WHAT IS NEEDED: Reproduce the whole listing that follows, character for character, and drop the images.

DATA:
┄┄┄┄┄┄┄┄┄┄┄┄┄┄┄┄┄┄┄┄
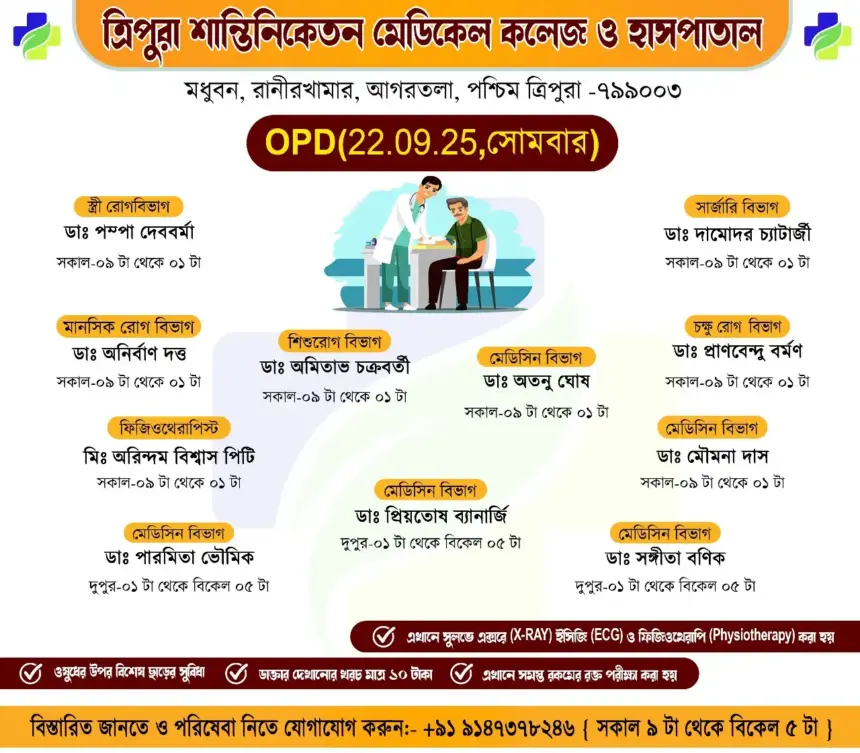 সাধারণ মানুষকে সুলভে সুচিকিৎসা পৌঁছে দিতে প্রতিশ্রুতিবদ্ধ ত্রিপুরা শান্তিনিকেতন মেডিকেল কলেজ ও হাসপাতাল। আগামীকাল ১০টাকার বহির্বিভাগে (OPD) যে সমস্ত অভিজ্ঞ চিকিৎসকেরা পরিষেবা দেবেন:
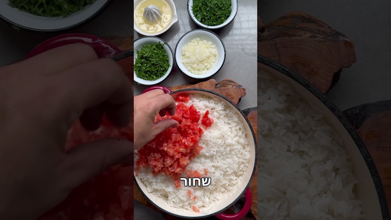 האורז של אתי דרעי שעבדתי בעין כרם אצל אתי דרעי הייתי מחכה לסוף הערב ומתפלל שישאר ביס מהאורז הזה השילוב של האורז החם עם הירקות הטריים והחמיצות של הלימון זה ביס שאני לא יכול להסביר לכם רק אם תכינו תבינו מצרכים: ⁃ 2 כוסות אורז פרסי קלאסי ⁃ 3 כפות שמן ⁃ 2 כפיות מלח ⁃ 3 כוסות מים רותחים ⁃ 3 עגבניות אדומות קצוצות דק דק ⁃ 1 בצל לבו קצוץ דק ⁃ 1 חבילת פטרוזיליה קצוצה ⁃ חופן עלי סלרי קצוץ ⁃ 2-3 לימונים סחוטים ⁃ חצי כפית פלפל שחור גרוס אופן ההכנה: ⁃ בסיר סוטאג׳ שמים את השמן נותנים לו מעט להתחמם ⁃ שמים את האורז ומטגנים מעט ⁃ מוסיפים את המלח ואת 3 כוסות המים מערבבים, מכסים, מנמיכים את האש ומבשלים 20 דקות. ⁃ כשהאורז מוכן מסירים מהאש ופותחים אותו עם מזלג ⁃ מוסיפים פנימה את כל הירק, הירקות, הלימון והפלפל השחור גרוס ⁃ מערבבים הכל יחד ⁃ ומגישים מיד שזה עדיין חם ⁃ בתאבון #אורזהפתעות #אורז #אורזלשבת #יאבלולושמבלולו #מתכונים
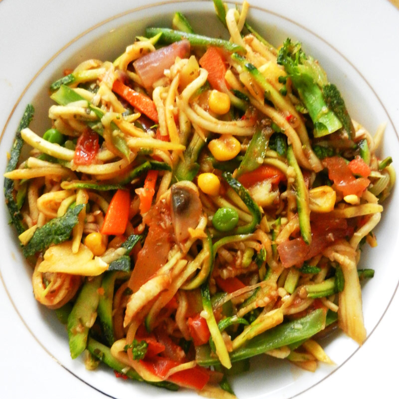 炒面,西葫芦胡萝卜蘑菇玉米粒西兰花,什么都可以放,五颜六色还挺好看的
┄┄┄┄┄┄┄┄┄┄┄┄┄┄┄┄┄┄┄┄
EXERCISE RESPONSE:
 সাধারণ মানুষকে সুলভে সুচিকিৎসা পৌঁছে দিতে প্রতিশ্রুতিবদ্ধ ত্রিপুরা শান্তিনিকেতন মেডিকেল কলেজ ও হাসপাতাল। আগামীকাল ১০টাকার বহির্বিভাগে (OPD) যে সমস্ত অভিজ্ঞ চিকিৎসকেরা পরিষেবা দেবেন:
 האורז של אתי דרעי שעבדתי בעין כרם אצל אתי דרעי הייתי מחכה לסוף הערב ומתפלל שישאר ביס מהאורז הזה השילוב של האורז החם עם הירקות הטריים והחמיצות של הלימון זה ביס שאני לא יכול להסביר לכם רק אם תכינו תבינו מצרכים: ⁃ 2 כוסות אורז פרסי קלאסי ⁃ 3 כפות שמן ⁃ 2 כפיות מלח ⁃ 3 כוסות מים רותחים ⁃ 3 עגבניות אדומות קצוצות דק דק ⁃ 1 בצל לבו קצוץ דק ⁃ 1 חבילת פטרוזיליה קצוצה ⁃ חופן עלי סלרי קצוץ ⁃ 2-3 לימונים סחוטים ⁃ חצי כפית פלפל שחור גרוס אופן ההכנה: ⁃ בסיר סוטאג׳ שמים את השמן נותנים לו מעט להתחמם ⁃ שמים את האורז ומטגנים מעט ⁃ מוסיפים את המלח ואת 3 כוסות המים מערבבים, מכסים, מנמיכים את האש ומבשלים 20 דקות. ⁃ כשהאורז מוכן מסירים מהאש ופותחים אותו עם מזלג ⁃ מוסיפים פנימה את כל הירק, הירקות, הלימון והפלפל השחור גרוס ⁃ מערבבים הכל יחד ⁃ ומגישים מיד שזה עדיין חם ⁃ בתאבון #אורזהפתעות #אורז #אורזלשבת #יאבלולושמבלולו #מתכונים
 炒面,西葫芦胡萝卜蘑菇玉米粒西兰花,什么都可以放,五颜六色还挺好看的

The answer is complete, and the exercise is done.